● **ACTIVITY**
The entries below contain a stretch that opens with the line containing "Lustre Pendente Cilíndrico" and closes with the line containing "院长杨磊主持,足管中心隋建明"; set down that stretch exactly, both ends included, and nothing else.

● **THE RECORDS**
———

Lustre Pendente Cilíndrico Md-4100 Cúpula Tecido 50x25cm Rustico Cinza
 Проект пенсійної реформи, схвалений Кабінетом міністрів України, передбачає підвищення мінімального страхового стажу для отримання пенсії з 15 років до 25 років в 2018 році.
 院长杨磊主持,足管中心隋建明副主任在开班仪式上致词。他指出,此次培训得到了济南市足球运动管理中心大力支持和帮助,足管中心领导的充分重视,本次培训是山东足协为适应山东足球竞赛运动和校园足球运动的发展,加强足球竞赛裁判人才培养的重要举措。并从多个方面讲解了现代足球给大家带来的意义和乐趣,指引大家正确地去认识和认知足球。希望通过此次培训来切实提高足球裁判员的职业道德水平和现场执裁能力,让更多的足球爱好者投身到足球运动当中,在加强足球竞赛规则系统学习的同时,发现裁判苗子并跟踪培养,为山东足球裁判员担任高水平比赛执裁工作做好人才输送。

———

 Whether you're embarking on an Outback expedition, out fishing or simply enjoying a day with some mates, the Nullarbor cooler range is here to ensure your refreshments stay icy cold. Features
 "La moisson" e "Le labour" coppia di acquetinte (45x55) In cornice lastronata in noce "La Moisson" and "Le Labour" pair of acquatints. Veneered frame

———

● **ANSWER SPACE**
Lustre Pendente Cilíndrico Md-4100 Cúpula Tecido 50x25cm Rustico Cinza
 Проект пенсійної реформи, схвалений Кабінетом міністрів України, передбачає підвищення мінімального страхового стажу для отримання пенсії з 15 років до 25 років в 2018 році.
 院长杨磊主持,足管中心隋建明副主任在开班仪式上致词。他指出,此次培训得到了济南市足球运动管理中心大力支持和帮助,足管中心领导的充分重视,本次培训是山东足协为适应山东足球竞赛运动和校园足球运动的发展,加强足球竞赛裁判人才培养的重要举措。并从多个方面讲解了现代足球给大家带来的意义和乐趣,指引大家正确地去认识和认知足球。希望通过此次培训来切实提高足球裁判员的职业道德水平和现场执裁能力,让更多的足球爱好者投身到足球运动当中,在加强足球竞赛规则系统学习的同时,发现裁判苗子并跟踪培养,为山东足球裁判员担任高水平比赛执裁工作做好人才输送。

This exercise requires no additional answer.